(Record extracts begins)

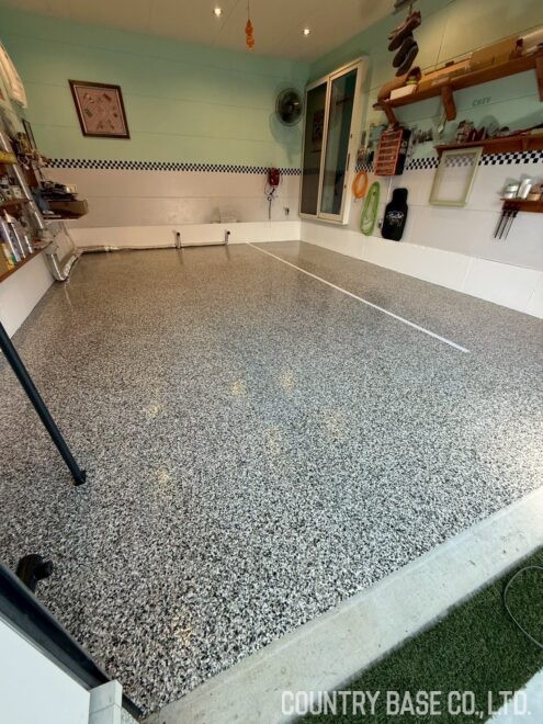 細かなチップの散りばめられた床は、見た目だけでなく、
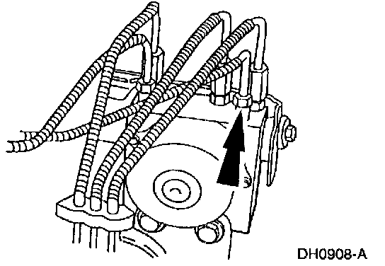10. Loosen a brake outlet tube at the 4WABS hydraulic control unit (HCU).
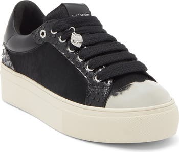 A chunky platform adds on-trend appeal to a low-profile sneaker made with soft leather overlays and genuine calf hair for an elevated look and feel.
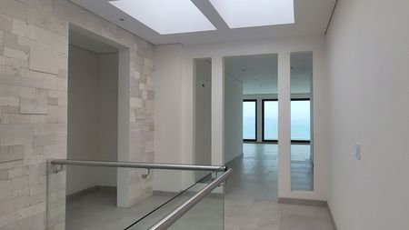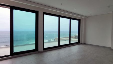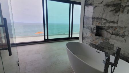 La siguiente habitación tiene un pequeño balcón, un closet y otro closet pequeño de servicio más un amplio baño con tocador. En el siguiente nivel encontraremos una vista completa al mar que te quita el aliento con una pared de ventanal abatible que conecta a la terraza, sala, con mini bar, comedor y una gran cocina cubierta con granito.
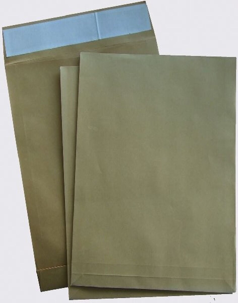 Faltentaschen Recycling - B4 ohne Fenster 20 mm-Falte Klotzboden haftklebend 130. Packung mit 10 Stück
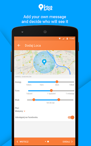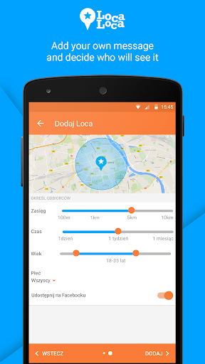 WE CARE ABOUT YOUR PRIVACY – that’s why messages published by the users of LocaLoca can be viewed on the map, but with an approximation that makes it impossible to determine the precise location of the user. When you log in with Facebook – other people can see only: your avatar thumbnail, your first name and the first letter of your last name.
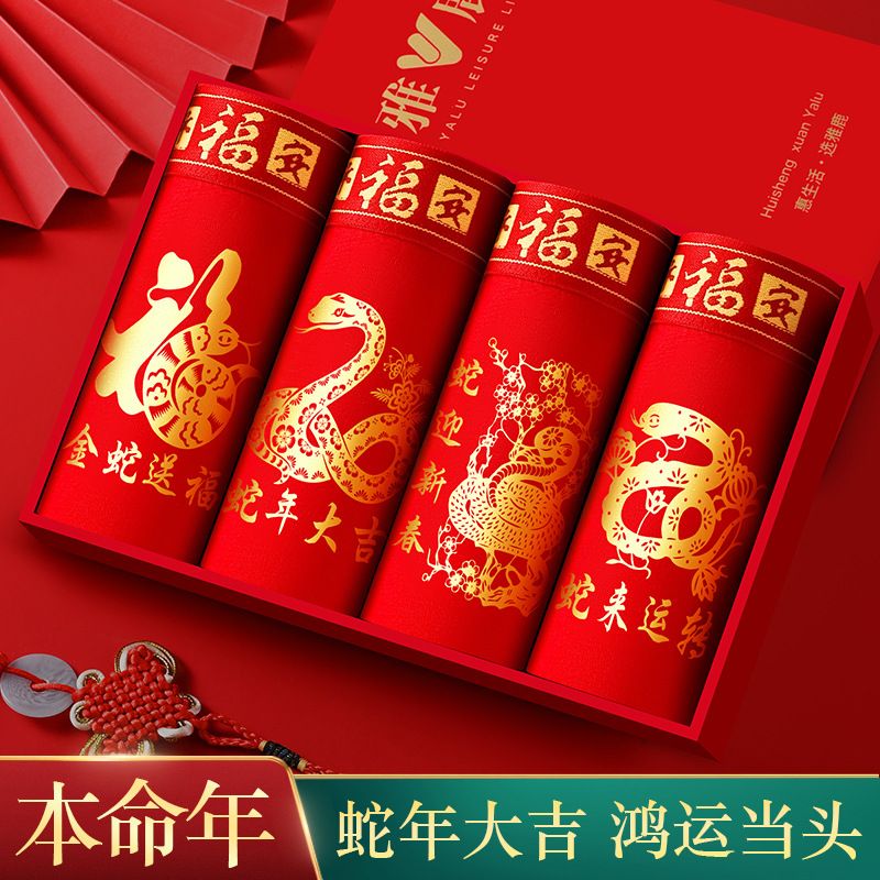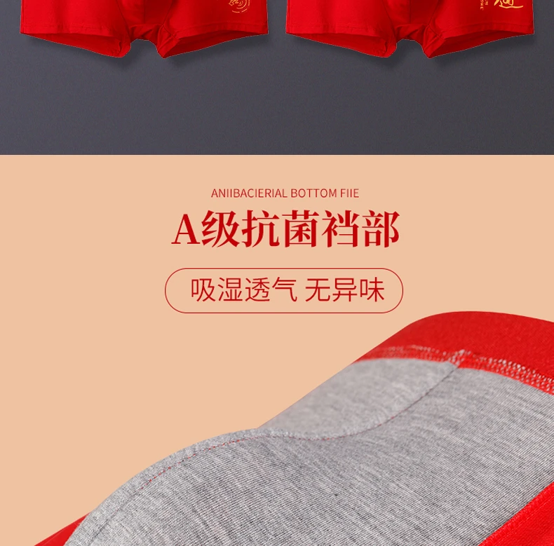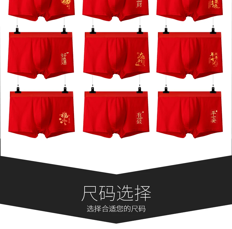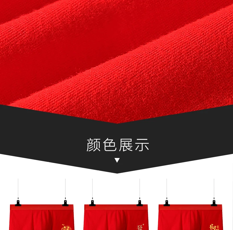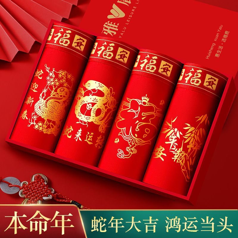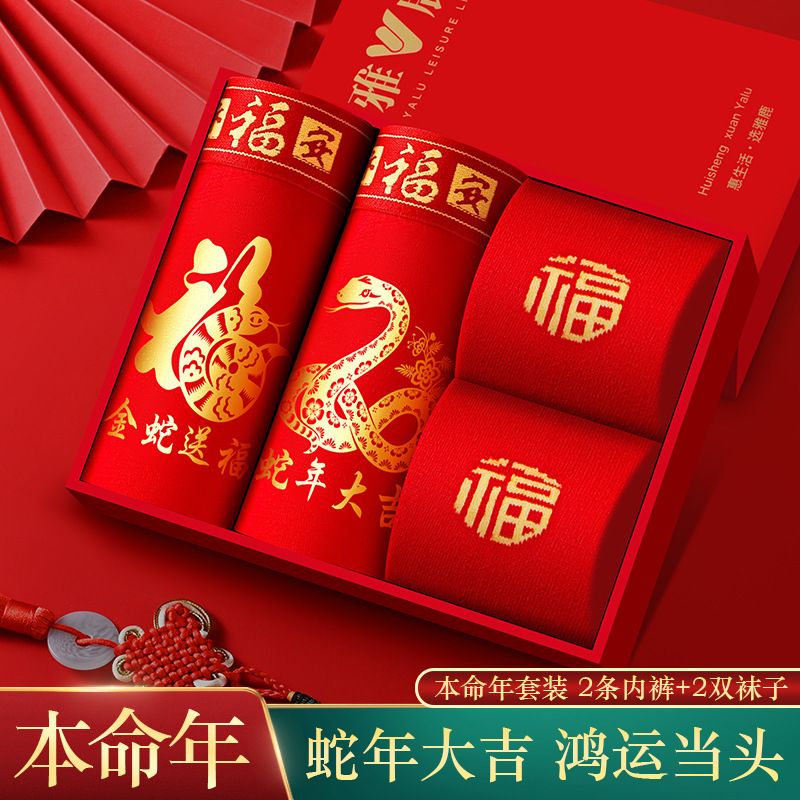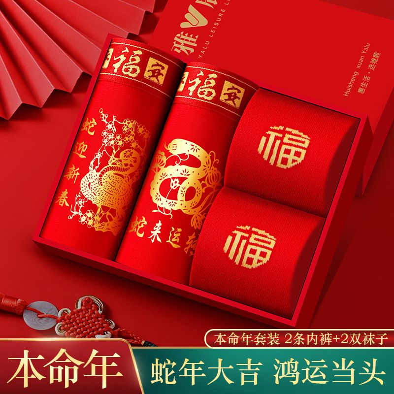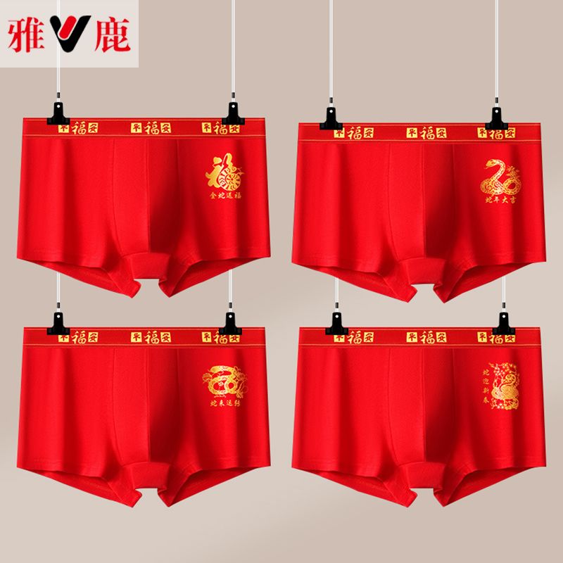 雅鹿2条纯棉男士内裤大红本命年结婚春节红裤蛇年裤衩红袜子四角
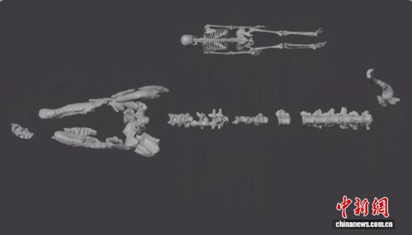 格兰德恐鳄(TMM43632-1)骨骼复原图。上方1.6米高人体骨骼(©Artec 3D)以供比例参考。中国科学院古脊椎所 供图
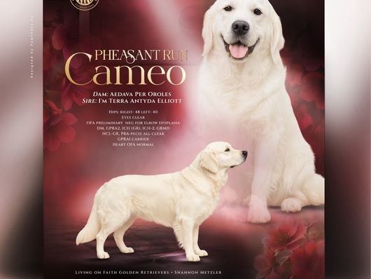 Living on Faiths Golden Retrievers reports to performing the health tests below on their breeding dogs. Ask your breeder about the tests performed on the parents of your litter. Learn more about health testing for Golden Retrievers.
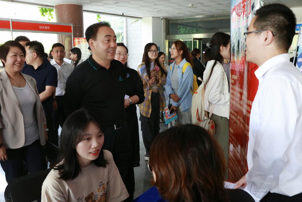 招聘会现场,张利民书记、程永波校长分别向招聘单位的到来表示热烈欢迎和衷心感谢,并与参会的企业负责人和师生进行交流。
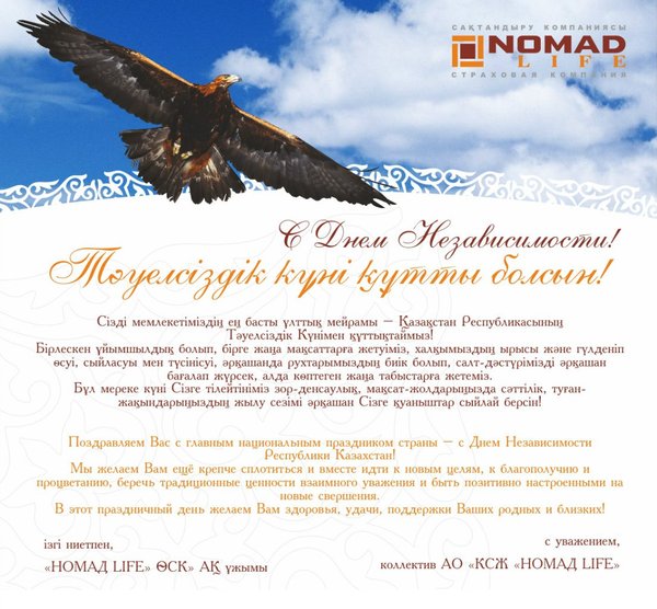 Уважаемые казахстанцы! Поздравляем вас с Днем Независимости Республики Казахстан! Желаем вам и вашим близким крепкого здоровья, счастья и благополучия. Пусть всегда вам сопутствует удача!

(Record extracts ends)

[Problem statement] Repeat each line of the records above exactly, but do not copy the pictures.

[Task result]
 細かなチップの散りばめられた床は、見た目だけでなく、
10. Loosen a brake outlet tube at the 4WABS hydraulic control unit (HCU).
 A chunky platform adds on-trend appeal to a low-profile sneaker made with soft leather overlays and genuine calf hair for an elevated look and feel.
 La siguiente habitación tiene un pequeño balcón, un closet y otro closet pequeño de servicio más un amplio baño con tocador. En el siguiente nivel encontraremos una vista completa al mar que te quita el aliento con una pared de ventanal abatible que conecta a la terraza, sala, con mini bar, comedor y una gran cocina cubierta con granito.
 Faltentaschen Recycling - B4 ohne Fenster 20 mm-Falte Klotzboden haftklebend 130. Packung mit 10 Stück
 WE CARE ABOUT YOUR PRIVACY – that’s why messages published by the users of LocaLoca can be viewed on the map, but with an approximation that makes it impossible to determine the precise location of the user. When you log in with Facebook – other people can see only: your avatar thumbnail, your first name and the first letter of your last name.
 雅鹿2条纯棉男士内裤大红本命年结婚春节红裤蛇年裤衩红袜子四角
 格兰德恐鳄(TMM43632-1)骨骼复原图。上方1.6米高人体骨骼(©Artec 3D)以供比例参考。中国科学院古脊椎所 供图
 Living on Faiths Golden Retrievers reports to performing the health tests below on their breeding dogs. Ask your breeder about the tests performed on the parents of your litter. Learn more about health testing for Golden Retrievers.
 招聘会现场,张利民书记、程永波校长分别向招聘单位的到来表示热烈欢迎和衷心感谢,并与参会的企业负责人和师生进行交流。
 Уважаемые казахстанцы! Поздравляем вас с Днем Независимости Республики Казахстан! Желаем вам и вашим близким крепкого здоровья, счастья и благополучия. Пусть всегда вам сопутствует удача!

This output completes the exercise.